国際社会は.妥協と裏切りの歴史であり信義よりも力関係がモノを言う 第 2,319 号

  アメリカやヨーロッパで近現代史の見直しが

進んでいる。「ヴェノナ文書」や、「リッツ

キドニー文書」といった機密文書の情報

公開などにより、様々な事実が明らか

になってきている。インテリジェ

ンス・ヒストリーと呼ばれる

ジャンルが、これまでの

歴史認識をアップデートしているのである。

 一方で、日本人はいまだに従来までの歴史観

にとらわれている。かつて学校教育で教えら

れてきた第二次大戦や近現代史は、時代遅

れになりつつある。新たな事実が次々と

判明して、近現代史が見直されてきている。

 欧米各国において、日本と軍事協力を進める

ことが、インド太平洋諸国の安定と平和につ

ながる、という考えが大きくなっている。

 近現代史見直しの背景には、東西冷戦の終結

と、ソ連邦の解体がある。もう一つの要因は、

1995年を契機に欧米が第二次大戦の機密

文書を公開したことにある。

 中欧、東欧諸国では、共産党政権時代やソ連軍

の占領時代に、人権侵害に苦しんできた人々

から聞き取り調査を進めている。関連の

証拠や文書を集め、出版して、博物館

に展示するという、地道な作業を続けている。

 1995年、アメリカでは「ヴェノナ文書」が公開

された。陸軍情報部が、ソ連と米国内のスパイ

との暗号電報を傍受&分析したものだ。

この公開は衝撃的だった。

 ヴェノナ文書の公開により、第二次大戦中の

ルーズベルト民主党政権内部に、入り込んで

いたソ連のスパイたちが、アジアと東欧

をソ連に譲り渡したことが判明した。

 近現代史は、アップデートされている。イン

テリジェンス・ヒストリーという学問がイギ

リスなどで広がっている。秘密工作が外交

や国際政治にいかなる影響を与える

かを研究するものだ。

 近現代史に関するグローバル・トレンドを

きちんと理解しないと、現在の国際社会の

激動を正確に理解できない。これらを

学び、世界でしたたかに生き抜いていきたい。

 ソ連の崩壊後、以下の国々は、第二次大戦中と

その後におけるソ連の残虐な侵略と占領を一斉

に告発し始めた。
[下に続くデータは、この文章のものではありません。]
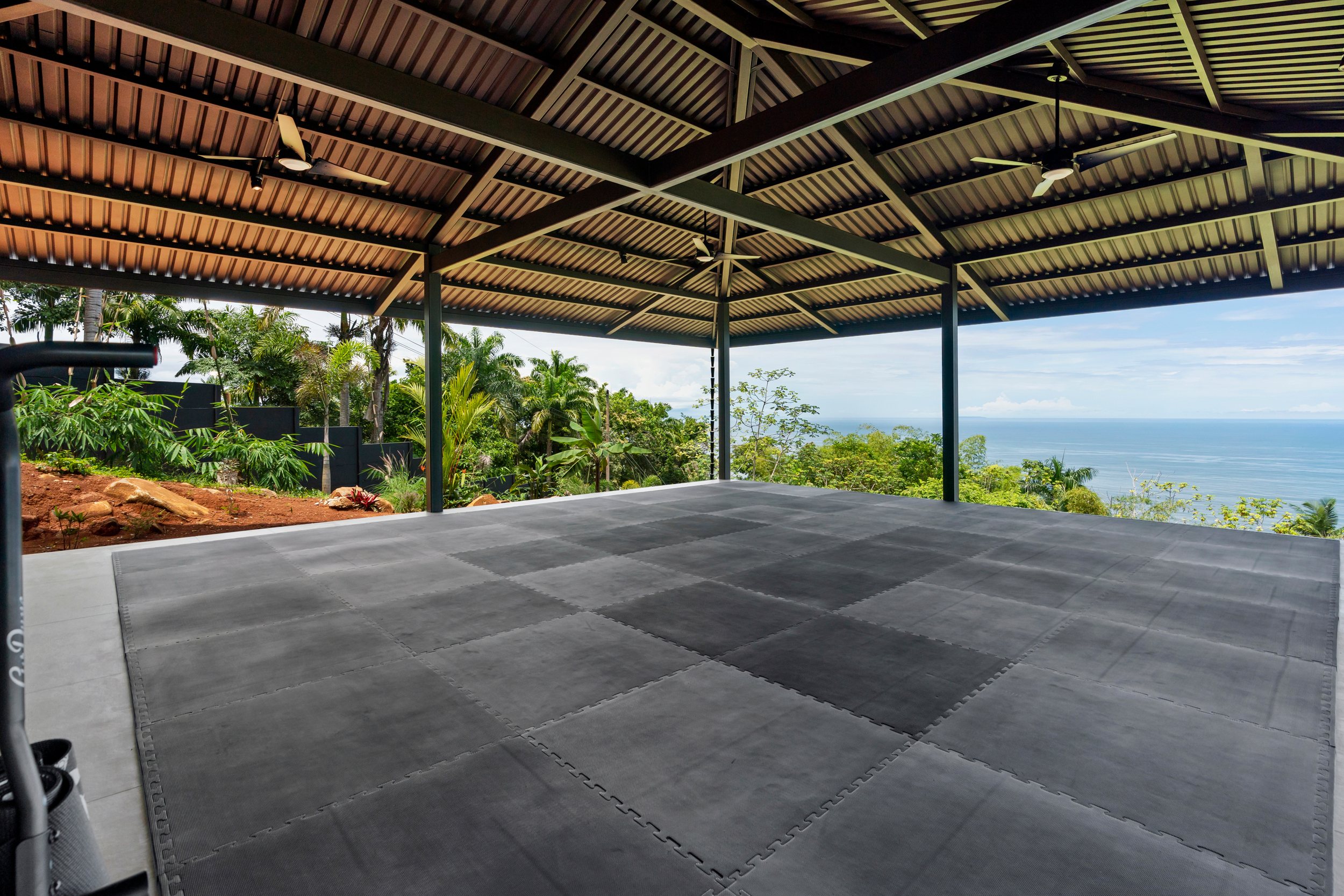 The Gym/Yoga Space Completed in 2022 as a large open pavilion with exercise rubber floor matting makes this the perfect gym and/or yoga space. The structure has a half bathroom and would be easy to make that a full bath by adding the shower and closing in part of the structure to make an additional stand-alone rental villa.
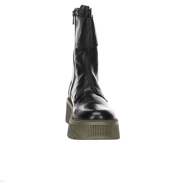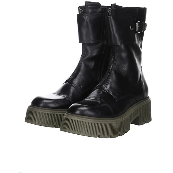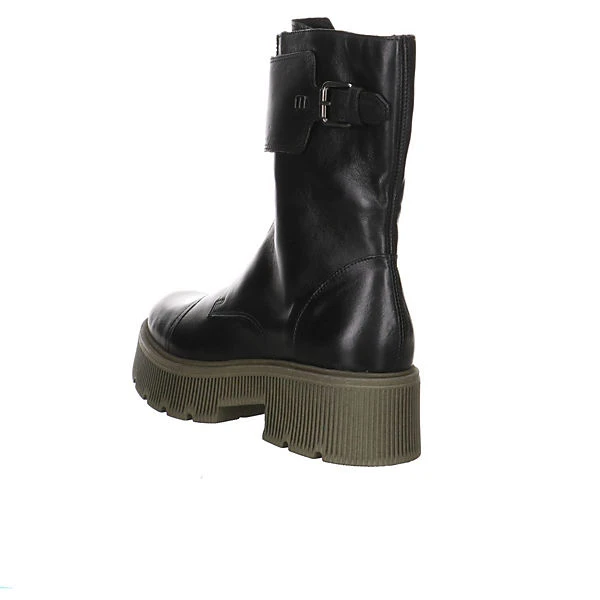 Diese Boots von MJUS sind aus robustem Glattleder gefertigt und mit einer markanten Plateausohle versehen, die farblich abgesetzt ist. Ein dekorativer Reißverschluss auf der Front un dem Gürtel am Schaft wird dem Modell ein lässiger Touch verliehen. Innen ist der Schuh mit einem leicht wärmenden Futter ausgestattet. Dank des praktischen Reißverschlusses ist ein schneller Einstieg garantiert.
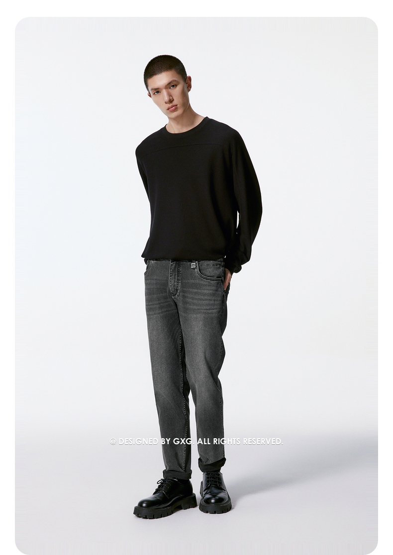 GXG男装 复古经典黑色修身耐磨四面弹力直筒牛仔裤 2025秋季新品
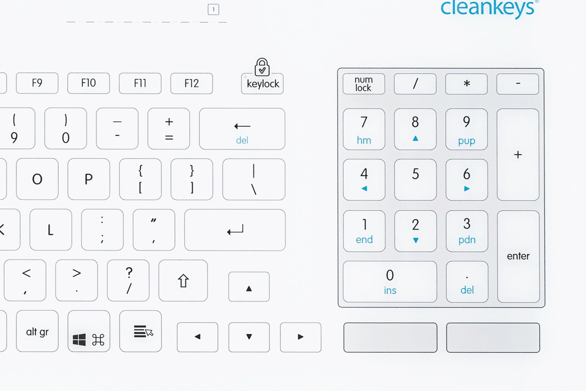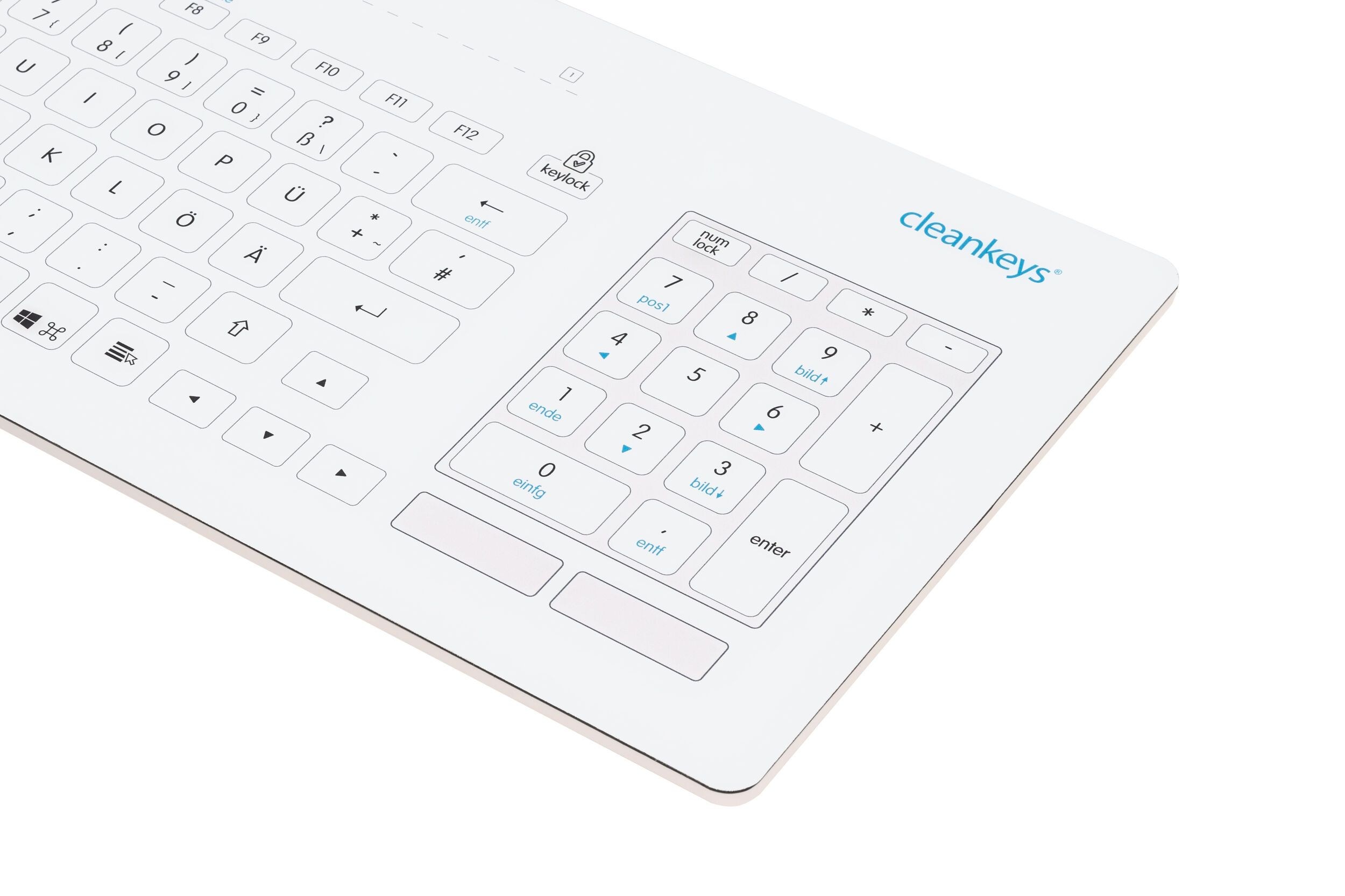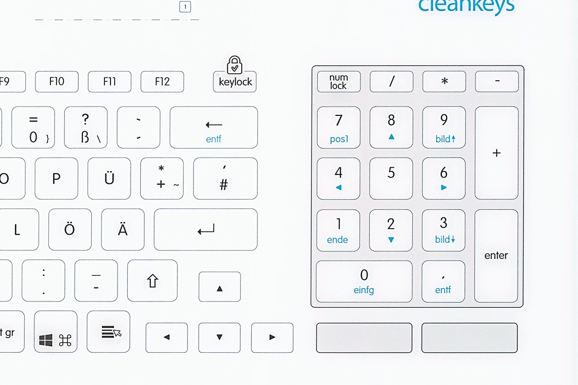 The new CK5 continues the famous Cleankeys® series and impresses users with its smart design and no compromises regarding hygiene. Compact dimensions and a generous touch pad/numpad area make it possible to operate the unit without a PC mouse and destine the CK5 for use in situations where space is particularly restricted. It is the ideal solution on mobile trolleys for doctors’ rounds and hospital wards or cramped medical workplaces.
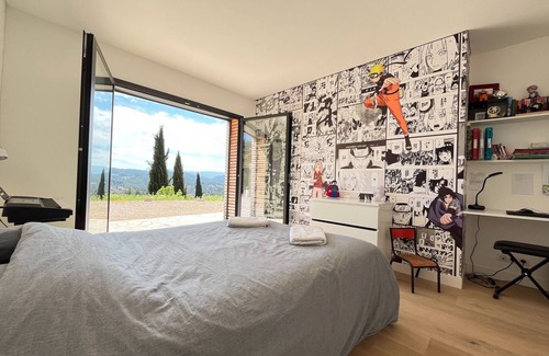 Provencal farmhouse in stone of about 65 m² nestled on a hillside in the heart of gorgeous Mediterranean scenery. Located between the Luberon and the Sainte Victoire, the property is developed on a plot of about 2000 m² with pool secured by removable barriers. You get a breathtaking 180 ° view of the National Park of Luberon and Sainte Victoire. Any opposite, quiet! Le Mas entirely on one floor offers an open kitchen (dishwasher, oven, gas hob, dishwasher, fridge and freezer, Nespresso maker, microwave, toaster ...), living room with TV as well as a dining room decorated with a sofa bed for two. The room has a comfortable double bed and two storage spaces. The shower room has the necessary storage space and a washing machine. Finally, the house has a separate toilet and air conditioning. Two terraces with facilities for eating out; which naturally shaded by an old fig tree and an old climbing vine will give you access to the south facing Mas. Enjoy the pool and sunbeds enjoying a Provencal panorama of sight. The garden has mainly Mediterranean species. On arrival you will find a clean and maintained housing and household linen (sheets, shower towels). Remember, this is a house you will be alone to enjoy this haven of peace!
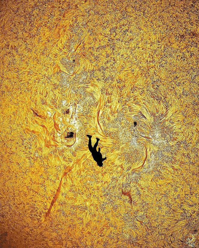 태양을 향해 떨어지는 듯한 사람 그림자 같은 윤곽도, 이글거리는 태양 표면의 질감도 모두 매카시의 렌즈가 포착한 현실이다. 발단은 스카이다이버의 농담 같은 제안이었다. 스페이스X 로켓이 태양 앞을 가로지르는 듯한 매카시의 사진을 본 스카이다이버가 “다음 작품에선 로켓 자리에 내가 있으면 좋겠다”고 했다. 말도 안 되는 엉뚱한 발상 같았지만, 친구 사이인 두 사람은 실제로 해보기로 했다.
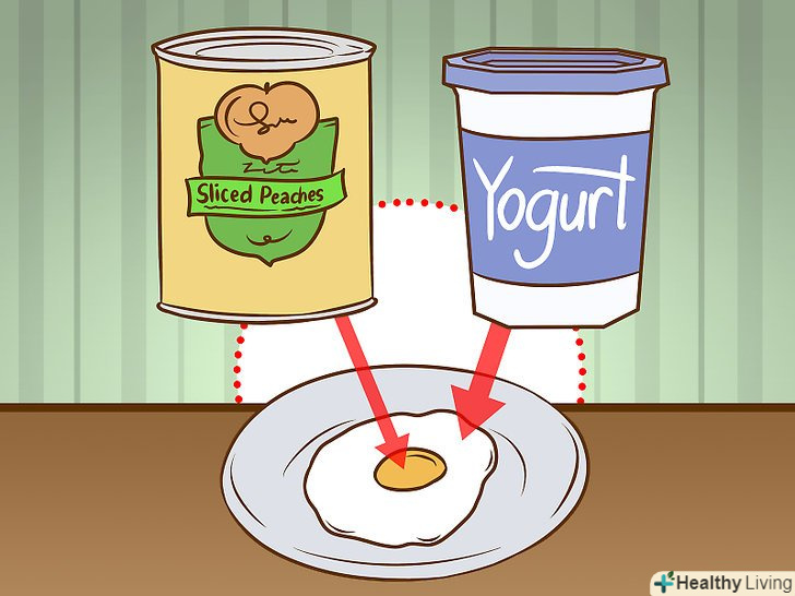Подайте своїм близьким глазунью, зроблену з йогурту і консервованих персиків. якщо зазвичай ви готуєте сніданок на всю сім'ю, така фальшива глазунья може стати відмінним жартом. Можна взяти йогурт і персики і викласти їх таким чином, щоб це стало схоже на справжню глазунью – це точно здивує ваших близьких, коли вони спробують шматочок. [5]- Викладіть на сковорідку трохи самого звичайного білого йогурту, потім в центр помістіть консервований персик, так щоб він виглядав, як жовток.
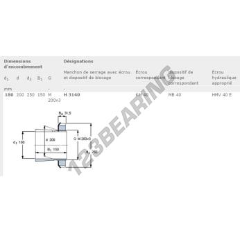 Het Mouw, bekend als het H3140-SKF SKF, heeft een binnendiameter van 180 mm, een buitendiameter van 250 mm en een dikte van 150 mm.
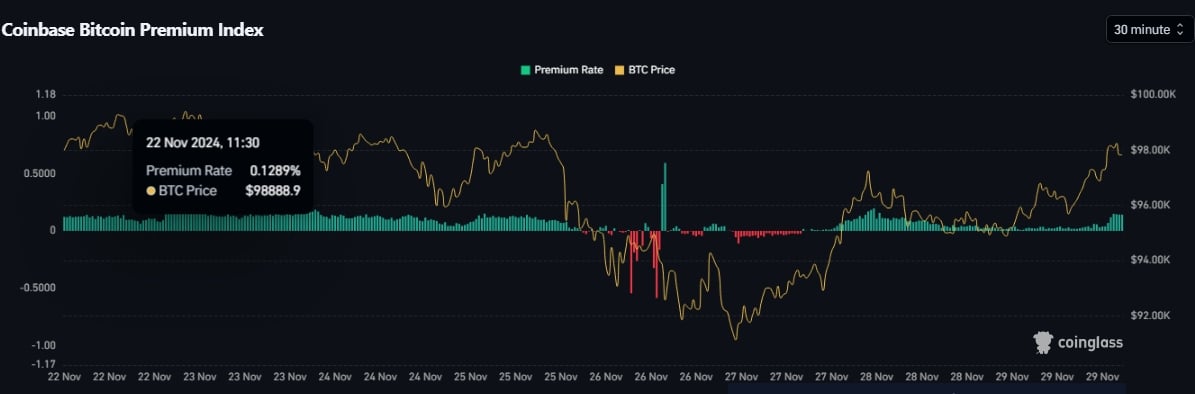 ,表明美国市场对比特币的需求仍在增强。除了周二和周三在亚洲交易时段出现短暂的负溢价外,随后溢价再次上升。
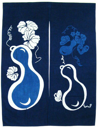日本和風インテリア レイアウト海外向けおみやげ 徳島県天然藍染のれん 縁起物瓢箪暖簾
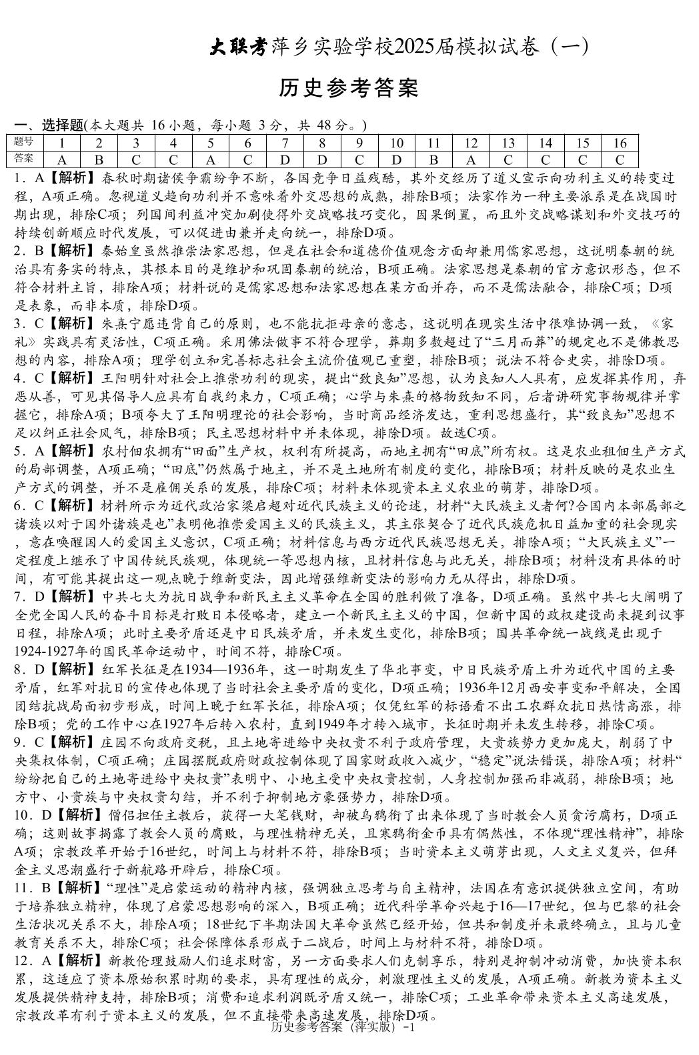 江西省萍乡实验学校2025届高三模拟试卷(一)历史答案.pdf
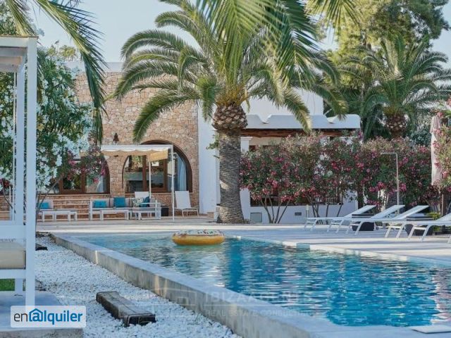 Ubicada en una posición privilegiada, a medio camino entre Santa Gertrudis y la ciudad de Ibiza, esta villa combina privacidad, amplitud y una excelente conexión con los puntos clave de la isla. A tan solo 10 minutos en coche se encuentran el puerto de Marina Ibiza y la playa de Talamanca. La propiedad se asienta sobre una amplia parcela vallada con jardines mediterráneos, varias terrazas cubiertas y una piscina rectangular de 18 metros, rodeada de camas balinesas, hamacas y zonas chill out. Un baño exterior da servicio a la zona de piscina, ideal para la vida al aire libre. El acceso a la vivienda se realiza a través de una terraza porchada que conduce a un vestíbulo, perfecto como recibidor o despacho. Desde aquí se abre un impresionante salón comedor con techos de cinco metros y grandes ventanales que conectan con la terraza principal. En el ala izquierda, la suite principal cuenta con baño en suite y acceso directo a la terraza que conduce a la piscina. En esta zona también se ubican dos dormitorios dobles que comparten un baño con jacuzzi, además de una habitación auxiliar o de servicio con acceso desde el baño. En el ala derecha, una amplia cocina con isla y acceso directo a la cocina exterior con barbacoa invita a disfrutar de comidas al aire libre. Aquí también se encuentra otro dormitorio con dos camas dobles y un baño con ducha. La villa dispone además de zona de lavandería independiente, garaje cerrado con portón automático y aire acondicionado, que ofrece la posibilidad de utilizarse como gimnasio u otro espacio versátil. #ref:A47876L
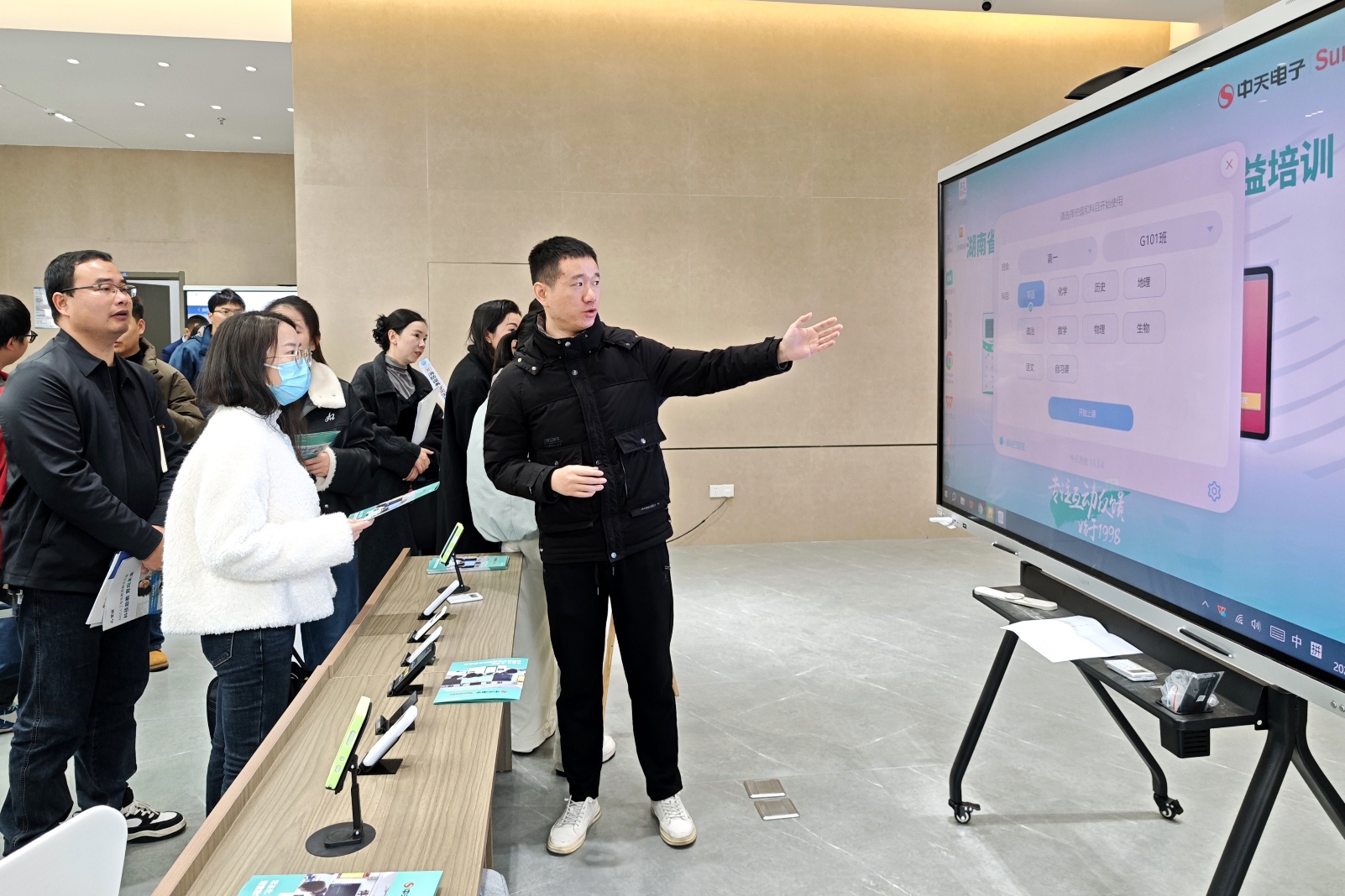 本次培训聚焦“数据驱动教学”与“智能技术进课堂”,呈现湖南人工智能与基础教育融合成果。长沙中天电子全程提供技术支持与现场服务。
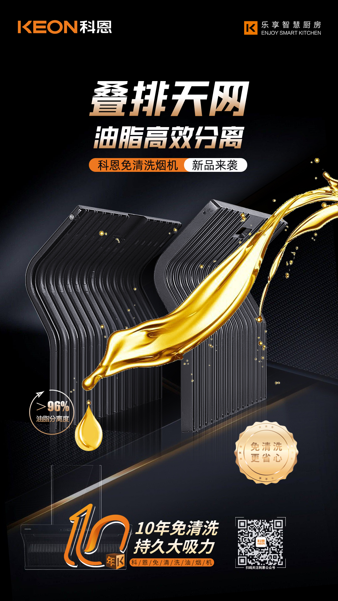 科恩電器歷時(shí)3年研發(fā)雙效疊排天網(wǎng),采用易潔太空壓鑄鋁材,經(jīng)過酸洗-噴砂工藝加之特氟龍噴涂最后高溫?zé)Y(jié),不僅不沾油、易清潔更好打理。同時(shí),能好的阻燃阻熱!雙效疊排天網(wǎng)將油煙盡數(shù)隔離在外,真正做到只吸煙不吸油。徹底告別煙機(jī)清洗難題。十年免拆清洗,持久大吸力!終于一款替代人類清洗煙機(jī)的廚電產(chǎn)品即將面世,讓廚房生活不再油污滿地。

その国は、ポーランド、

ハンガリー、チェコ、リトアニア、

ラトビア、エストニアなど。

 日本人が見逃している歴史認識の一つは、第二次

大戦において、ソ連は当初から「侵略国家」と

して非難されていた、という事実。

 国際社会は、妥協と裏切りの歴史である。残念

ながら、信義よりも力関係がモノを言う。

 ポーランドは今、ソ連とナチスドイツによって、

いかに酷い仕打ちを受けてきたのか、各地に

戦争博物館をつくり、自国民にその悲劇

の歴史を懸命に伝えようとしている。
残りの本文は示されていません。